Right now, U.S. employers are facing unprecedented labor shortages in key industries such as manufacturing, education, and health services, and employers everywhere struggle to find candidates with the essential skills needed for success. Meanwhile, youth are worried about whether they have the skills necessary to secure a job in the face of a rapidly changing economy, and skills gaps have become even more prevalent since the COVID-19 pandemic. Afterschool and summer learning programs like the ones offered at Boys & Girls Clubs will be critical as youth-serving providers address unfinished learning and development of essential skills for life and the workplace. The Youth Workforce Readiness Act would support skills-building programs starting at an earlier age, developmental opportunities to address unfinished learning, and expanding the scope and reach of these programs that impact millions of school-age children and teens, programs can support and to build a diverse and skilled workforce that is ready to contribute and strengthen the economy. 

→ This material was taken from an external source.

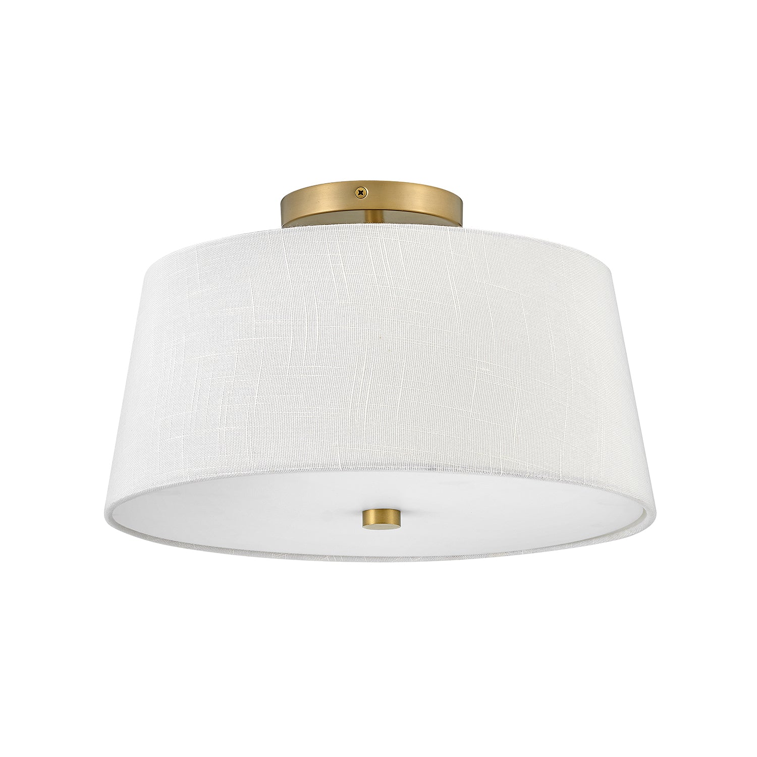 The Declan Flush Mount makes a refined statement, defined by its crisp lines and timeless, tailored design. The fixture features a white linen drum shade with a built-in opal glass diffuser, creating a balanced and elegant silhouette perfect for low ceilings. This flush mount is thoughtfully designed to provide soft, fully diffused illumination, making it an ideal choice for a hallway, bedroom, or dressing area. With its ETL dry rating, it offers both functional beauty and versatile appeal. The warm Satin Brass finish enhances the fixture's tailored silhouette, resulting in a look of enduring style and timeless elegance.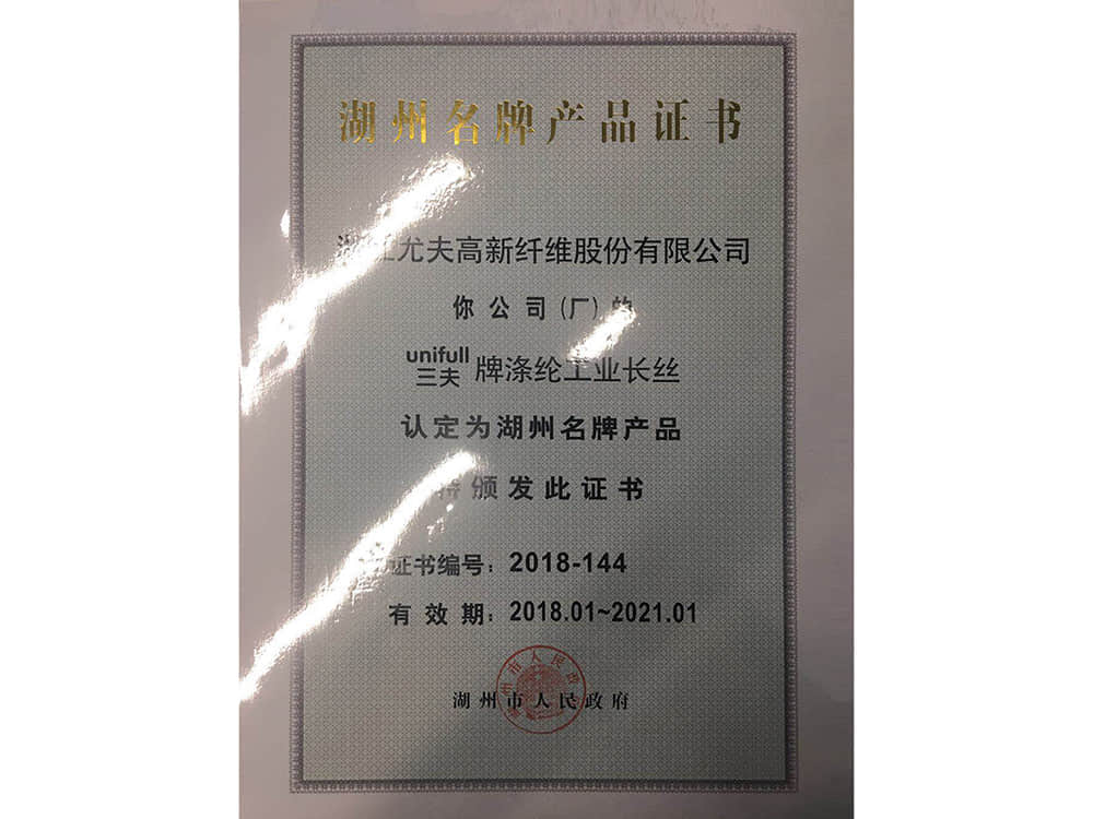 • 湖州名牌產品證書2018

“If today’s young people are going to meet the workforce challenges of tomorrow, they need safe spaces, positive mentorship and work experiences today. Just like the ones offered at out-of-school time providers like Boys & Girls Clubs” said Jim Clark, President and CEO at Boys & Girls Clubs of America. “But we know we cannot address these challenges alone. Millions of young people face an uncertain future and a competitive job market. The Youth Workforce Readiness Act utilizes the time kids spend after school and during the summer to develop essential skills and create their pathway to a quality career. We are grateful for the leadership of Representatives Harder, Fitzpatrick, Chavez-Deremer and McBath in identifying solutions and opportunities to support youth as they prepare for their futures.” 

The bill establishes a competitive grant through the U.S. Department of Labor to support youth-serving, out-of-school time organizations providing programs focused on four overarching pillars of youth workforce readiness:

  • Essential Skill Development: supporting social and emotional skills through every developmental stage, such as decision-making, self-awareness and collaboration.

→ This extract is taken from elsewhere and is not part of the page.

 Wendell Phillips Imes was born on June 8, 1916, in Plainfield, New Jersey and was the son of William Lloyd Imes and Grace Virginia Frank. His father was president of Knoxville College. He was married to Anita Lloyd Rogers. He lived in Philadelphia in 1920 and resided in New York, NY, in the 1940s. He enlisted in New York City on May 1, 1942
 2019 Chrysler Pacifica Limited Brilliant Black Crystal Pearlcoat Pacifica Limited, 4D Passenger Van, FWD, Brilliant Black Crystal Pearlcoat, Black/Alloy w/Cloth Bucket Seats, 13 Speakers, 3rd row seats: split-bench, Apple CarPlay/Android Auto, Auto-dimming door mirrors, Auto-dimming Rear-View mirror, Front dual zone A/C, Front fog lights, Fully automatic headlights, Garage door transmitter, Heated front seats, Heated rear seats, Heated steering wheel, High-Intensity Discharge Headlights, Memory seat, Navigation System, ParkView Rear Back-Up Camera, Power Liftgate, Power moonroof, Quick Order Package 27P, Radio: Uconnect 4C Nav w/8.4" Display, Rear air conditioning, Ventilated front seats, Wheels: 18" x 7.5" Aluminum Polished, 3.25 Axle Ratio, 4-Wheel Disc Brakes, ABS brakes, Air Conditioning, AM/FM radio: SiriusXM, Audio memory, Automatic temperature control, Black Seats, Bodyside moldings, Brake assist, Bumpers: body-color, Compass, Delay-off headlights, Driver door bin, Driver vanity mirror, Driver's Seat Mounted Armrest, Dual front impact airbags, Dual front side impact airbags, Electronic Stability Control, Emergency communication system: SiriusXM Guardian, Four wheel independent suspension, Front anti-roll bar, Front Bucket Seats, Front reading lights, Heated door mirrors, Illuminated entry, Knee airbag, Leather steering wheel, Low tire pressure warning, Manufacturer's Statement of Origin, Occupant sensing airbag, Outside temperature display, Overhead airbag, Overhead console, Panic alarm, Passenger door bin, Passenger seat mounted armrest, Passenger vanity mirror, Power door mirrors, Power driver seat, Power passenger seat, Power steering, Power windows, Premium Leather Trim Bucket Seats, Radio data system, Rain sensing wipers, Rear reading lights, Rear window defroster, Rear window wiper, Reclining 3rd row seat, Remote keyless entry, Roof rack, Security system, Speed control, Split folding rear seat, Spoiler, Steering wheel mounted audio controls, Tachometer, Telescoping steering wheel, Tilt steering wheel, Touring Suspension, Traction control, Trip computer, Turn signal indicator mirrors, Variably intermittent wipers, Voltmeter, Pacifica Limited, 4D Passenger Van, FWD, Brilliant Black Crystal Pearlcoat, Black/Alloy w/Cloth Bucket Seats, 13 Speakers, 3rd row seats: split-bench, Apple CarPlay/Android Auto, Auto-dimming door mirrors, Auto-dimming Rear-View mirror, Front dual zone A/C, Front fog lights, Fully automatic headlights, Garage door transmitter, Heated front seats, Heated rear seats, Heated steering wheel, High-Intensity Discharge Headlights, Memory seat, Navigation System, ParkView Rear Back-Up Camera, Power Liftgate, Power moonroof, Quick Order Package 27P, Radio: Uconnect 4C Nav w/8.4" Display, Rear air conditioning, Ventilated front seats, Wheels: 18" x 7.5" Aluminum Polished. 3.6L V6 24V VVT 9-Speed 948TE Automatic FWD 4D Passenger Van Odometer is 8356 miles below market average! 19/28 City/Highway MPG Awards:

  • Career Exposure: targeted programming through community business partnerships, discovery opportunities, career assessments and planning and insights into in-demand career fields.

  • Employment Readiness & Certification: opportunities including interviewing, resume writing, financial literacy and certifications in specific areas that will help youth land their first job.

  • Work-Based Learning: opportunities to apply skills in real-life, hands-on work experiences through internships, apprenticeships and jobs with local employers.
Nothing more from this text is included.